여기서 ${MSE}_{f} = \frac{1}{N_{f}} \sum_{i = 1}^{N_{f}} {| f (x_{f}^{i}, t_{f}^{i}) |}^{2}$ 및 ${MSE}_{u} = \frac{1}{N_{u}} \sum_{i = 1}^{N_{u}} {| u (x_{u}^{i}, t_{u}^{i}) - u^{i} |}^{2}$ 이며, 함수 $f$ 는 버거스 방정식 좌변이고, ${x_{u}^{i}, t_{u}^{i}}_{i = 1}^{N_{u}}$ 는 계산 영역 경계에 있는 연결 점에 해당하며 경계 조건과 초기 조건을 모두 반영합니다. ${x_{f}^{i}, t_{f}^{i}}_{i = 1}^{N_{f}}$ 는 계산 영역 내부에 있는 점입니다.

function [loss,gradients] = modelLoss(net,X,T,X0,T0,U0)

% Make predictions with the initial conditions.
XT = cat(1,X,T);
U = forward(net,XT);

% Calculate derivatives with respect to X and T.
X = stripdims(X);
T = stripdims(T);
U = stripdims(U);
Ux = dljacobian(U,X,1);
Ut = dljacobian(U,T,1);

% Calculate second-order derivatives with respect to X.
Uxx = dldivergence(Ux,X,1);

% Calculate mseF. Enforce Burger's equation.
f = Ut + U.*Ux - (0.01./pi).*Uxx;
mseF = mean(f.^2);

% Calculate mseU. Enforce initial and boundary conditions.
XT0 = cat(1,X0,T0);
U0Pred = forward(net,XT0);
mseU = l2loss(U0Pred,U0);

% Calculated loss to be minimized by combining errors.
loss = mseF + mseU;

% Calculate gradients with respect to the learnable parameters.
gradients = dlgradient(loss,net.Learnables);

end

훈련 옵션 지정하기

다음과 같이 훈련 옵션을 지정합니다.

L-BFGS 솔버를 사용하여 훈련시키고, L-BFGS 솔버 상태에 대해 디폴트 옵션을 사용합니다.
훈련을 1500번 수행합니다.
기울기 또는 스텝의 노름이 $1 0^{- 5}$ 보다 작은 경우 훈련을 조기에 중지합니다.

solverState = lbfgsState;
maxIterations = 1500;
gradientTolerance = 1e-5;
stepTolerance = 1e-5;

신경망 훈련시키기

훈련 데이터를 dlarray 객체로 변환합니다. 입력값 X와 T의 형식이 "BC"(배치, 채널)이고 초기 조건의 형식이 "CB"(채널, 배치)임을 지정합니다.

X = dlarray(dataX,"BC");
T = dlarray(dataT,"BC");
X0 = dlarray(X0,"CB");
T0 = dlarray(T0,"CB");
U0 = dlarray(U0,"CB");

dlaccelerate 함수를 사용하여 손실 함수를 가속화합니다. 함수 가속화에 대한 자세한 내용은 Deep Learning Function Acceleration for Custom Training Loops 항목을 참조하십시오.
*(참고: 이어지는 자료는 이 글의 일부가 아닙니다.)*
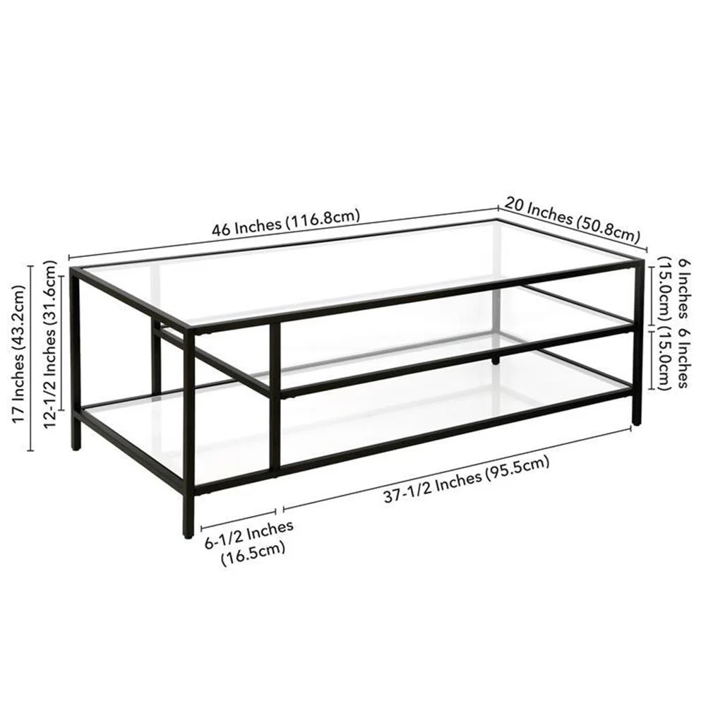 Henn&Hart Black Bronze Coffee Table with Glass Shelves

accfun = dlaccelerate(@modelLoss);

L-BFGS 업데이트 스텝에 대한 손실 함수를 포함하는 함수 핸들을 만듭니다. 자동 미분을 사용하여 modelLoss 함수 내에서 dlgradient 함수를 실행하기 위해 dlfeval 함수를 사용합니다.

lossFcn = @(net) dlfeval(accfun,net,X,T,X0,T0,U0);

TrainingProgressMonitor 객체를 초기화합니다. 각 반복마다 손실을 플로팅하고 기울기와 스텝의 노름을 모니터링합니다. monitor 객체를 생성할 때 타이머가 시작되므로 이 객체를 훈련 루프와 가깝게 생성해야 합니다.

monitor = trainingProgressMonitor( ...
    Metrics="TrainingLoss", ...
    Info=["Iteration" "GradientsNorm" "StepNorm"], ...
    XLabel="Iteration");

각 반복마다 전체 데이터 세트를 사용하는 사용자 지정 훈련 루프를 사용하여 신경망을 훈련시킵니다. 각 반복에 대해 다음을 수행합니다.

lbfgsupdate 함수를 사용하여 신경망의 학습 가능 파라미터와 솔버 상태를 업데이트합니다.
훈련 진행 상황 모니터를 업데이트합니다.
기울기 노름이 지정된 허용오차보다 작거나 직선 탐색이 실패하는 경우 훈련을 조기에 중지합니다.

iteration = 0;
while iteration < maxIterations && ~monitor.Stop
    iteration = iteration + 1;
    [net, solverState] = lbfgsupdate(net,lossFcn,solverState);

    updateInfo(monitor, ...
        Iteration=iteration, ...
        GradientsNorm=solverState.GradientsNorm, ...
        StepNorm=solverState.StepNorm);

    recordMetrics(monitor,iteration,TrainingLoss=solverState.Loss);

    monitor.Progress = 100*iteration/maxIterations;

    if solverState.GradientsNorm < gradientTolerance || ...
            solverState.StepNorm < stepTolerance || ...
            solverState.LineSearchStatus == "failed"
        break
    end

end

모델 정확도 평가하기

$t$ 값 0.25, 0.5, 0.75, 1에서, 딥러닝 모델의 예측 값을 버거스 방정식의 실제 해와 비교합니다.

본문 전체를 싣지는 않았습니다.